I can stop whenever I want

I don’t have a knitting machine problem, I could quit right now, I swear.

While working with my Toyota 747 I decided to try and find a ribber for it, which led me to the Ravelry Knitting Machine Sales group. I did not find a Toyota ribber, but I did find someone in Brooklyn who was selling a White/Superba 1602. He was selling it at a reduced price because the electronic selector box was not functioning.

White/Superba 1602

The Superba knitting machines, which were also sold under the brand names White, Singer, and Phildar, are really interesting machines. Instead of a main bed and an optional removable ribbing bed like most Japanese machines, the Superbas have two permanently fixed identical beds. This makes it much easier to get consistent, even ribbing.

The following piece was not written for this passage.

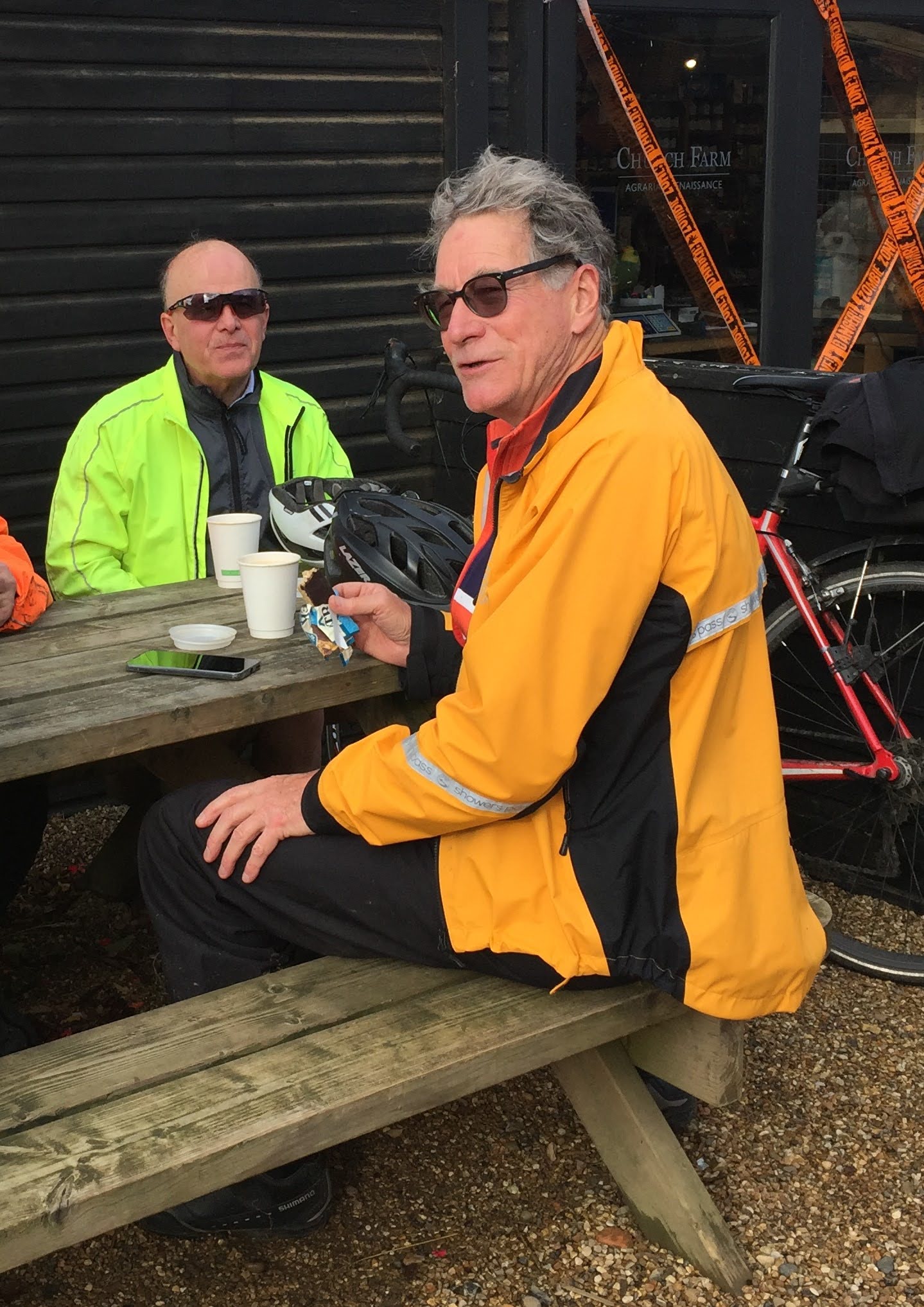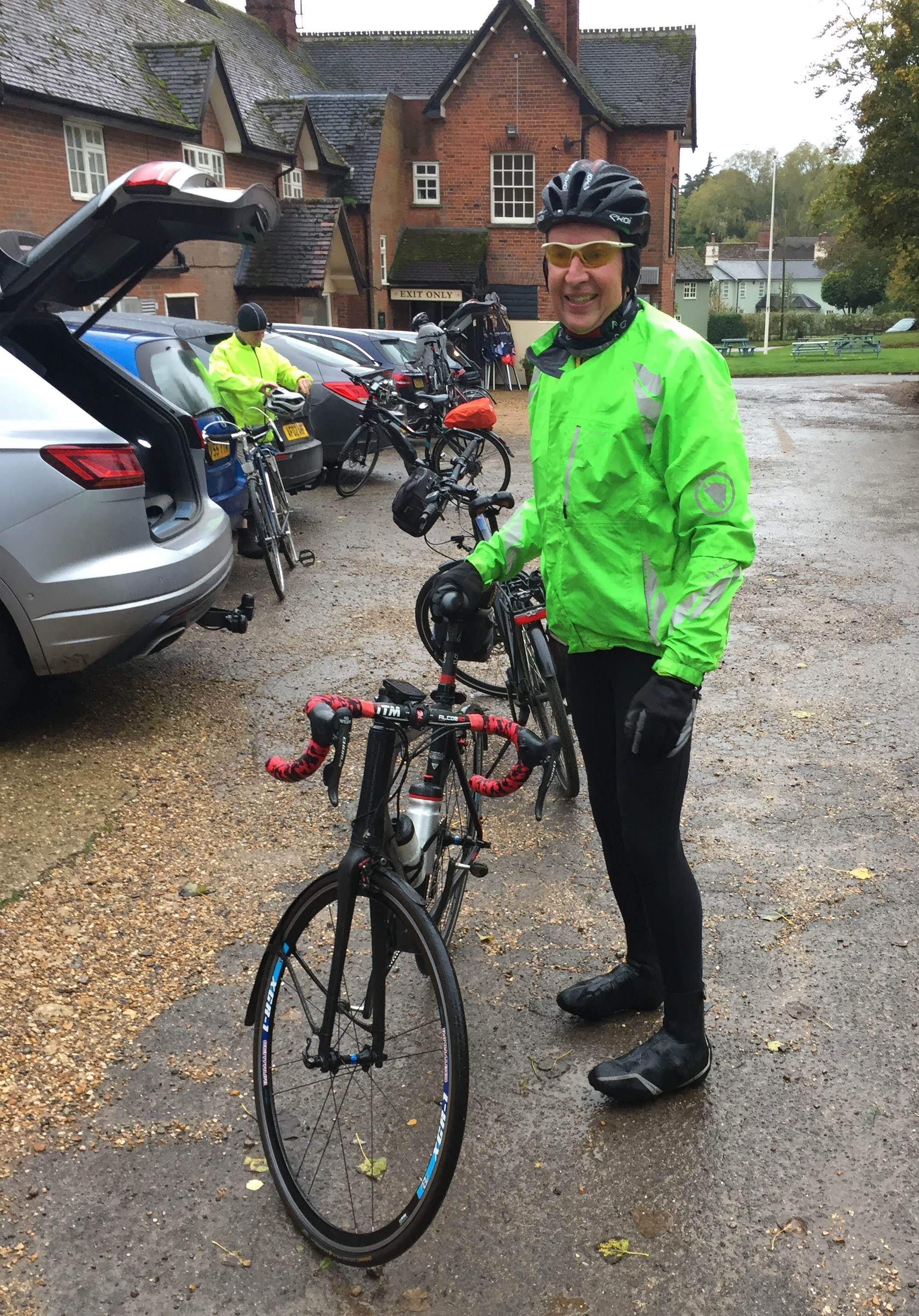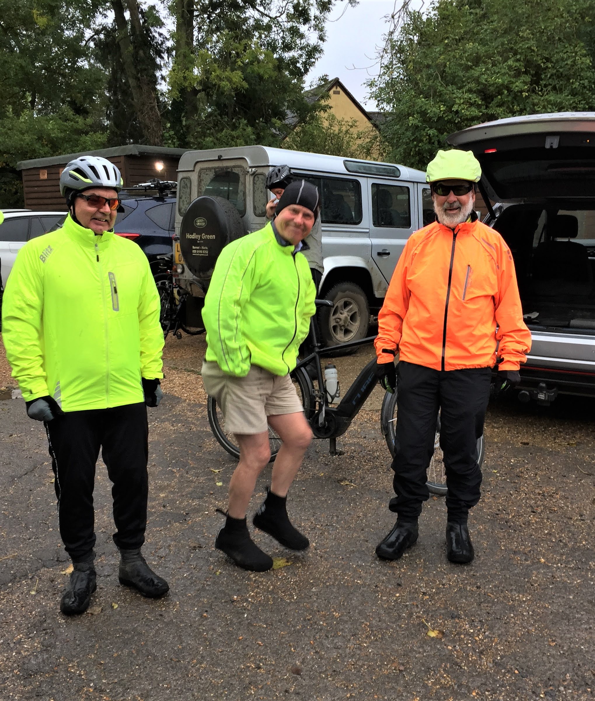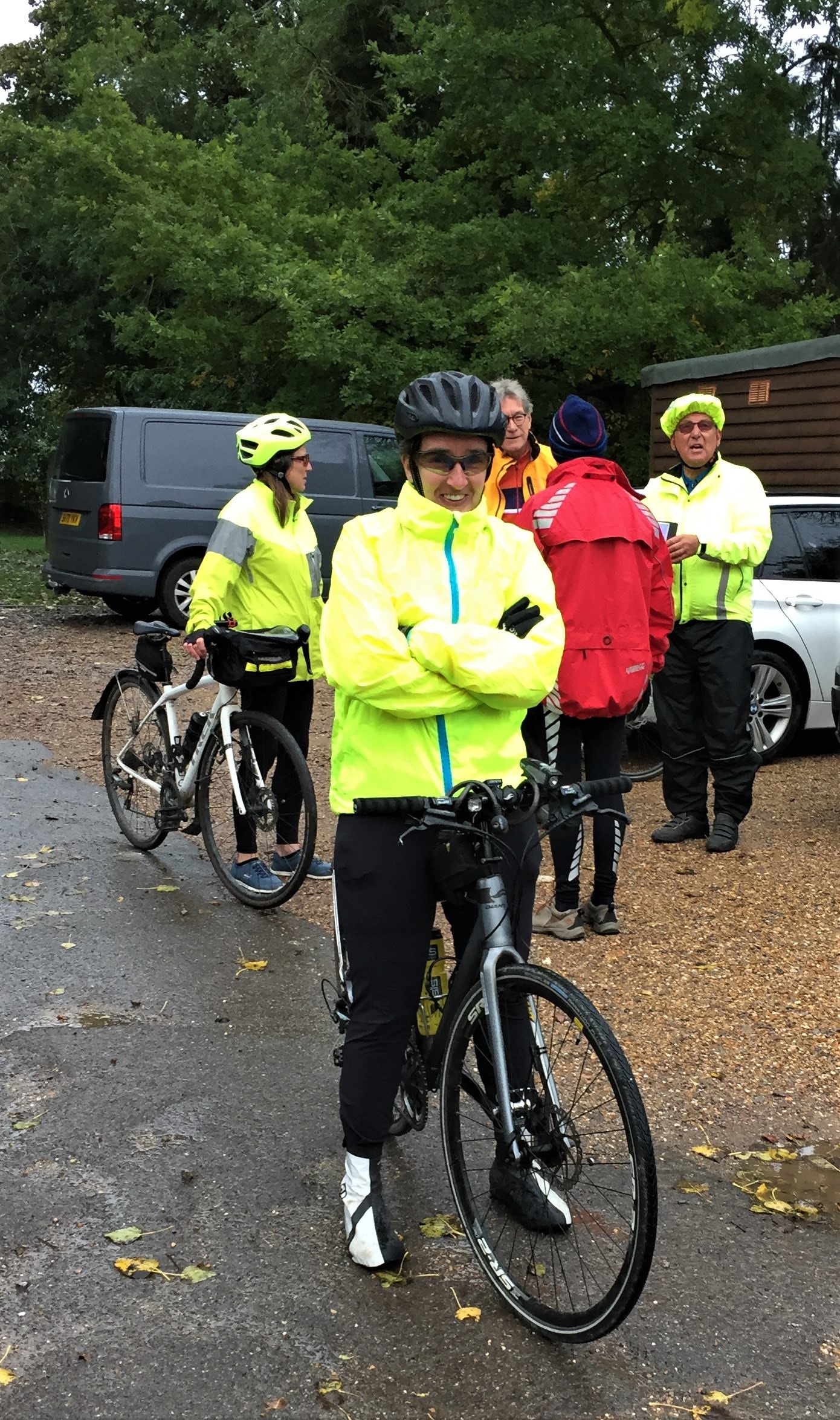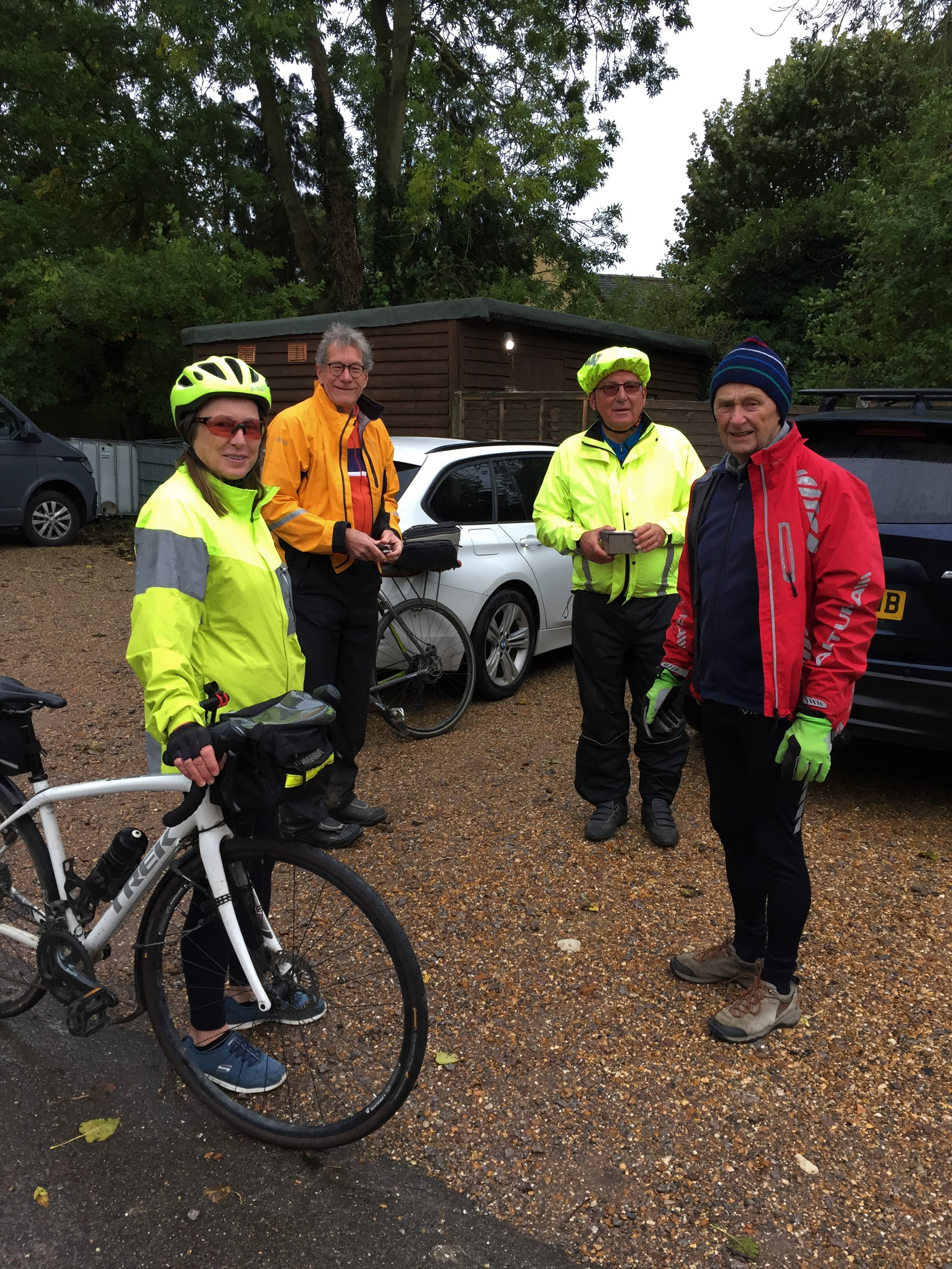It was a go, no-go decision for Ken but, recovering from a bug, he decided wisely to do a shorter ride and meet us on the return leg. The remaining 12 Windmillers comprising Maurice (in his smart yellow rain hat), Alan, Charles, Rod (also in a yellow hat), Sandra, Deborah, Howard, Roger, Chris, Brian, Simon and Martin chose to believe the weather forecast and set off in the direction of Buntingford in two groups.

Mechanically, the machine is in good shape. Stockinette stitch, ribbing, and jacquard patterning (done by manually moving the needles into place) all work well.

The selector box, which can be seen in Patrick’s photo stream, works by reading stitch patterns off mylar sheets. A photoresistor detects either a light or dark square and sends a signal to the machine which moves the needles accordingly.
In addition to maintaining a comprehensive site on Superba machines, Patrick also was kind enough to supply me with the users manual, service manual, exploded part diagrams, and logic flow charts for the electronics.

As soon as I opened up the machine and took out the circuit boards, it was clear things weren’t working properly:

Broken :(

I superglued the board itself back together, and then used lumps of solder to repair the broken traces. Jumper wires would have been better, but admittedly I was too lazy to get up and find a spool of wire.

Once the traces were repaired, Phooky helped me test the output voltages. Since it takes in 110V mains power, I was nervous to start poking at it by myself. But we only made the electricity arc between the multimeter probes once. Have I mentioned that mains power is kind of terrifying?

Anyway, of the four pins that connect to the card edge, two are tied together to ground, and the other two provide 24v for the motor drive (which feeds the mylar sheets) as 12v for the COP420 microchip.

Speaking of the COP420, my first instinct was to try to get a firmware dump off the chip and try to reverse engineer the firmware. Not that I have any experience doing that, but luckily Trammell does. Unfortunately, he found out that the COP420 is a mask-programmed device, meaning that the program is put into ROM when the chip is created, in contrast to something like the Atmega chips used in Arduinos. If you’re lucky, the “test mode” on the chip was initially enabled, making it possible (if somewhat of a pain) to read out the firmware.

The more I think about it, the more it makes sense just to redesign the selector box from the ground up. Most of the bulk and power of the box is related to the scanning and advancing of the mylar cards, which are adorably archaic but not exactly convenient. A USB interface would be vastly preferable, and would cut down on about 2/3 of the circuit. I need to do some investigating to see if the whole thing could be USB powered, eliminating the need for a separate power cord and bulky transformer.

Yeah, ok, I have a knitting machine problem.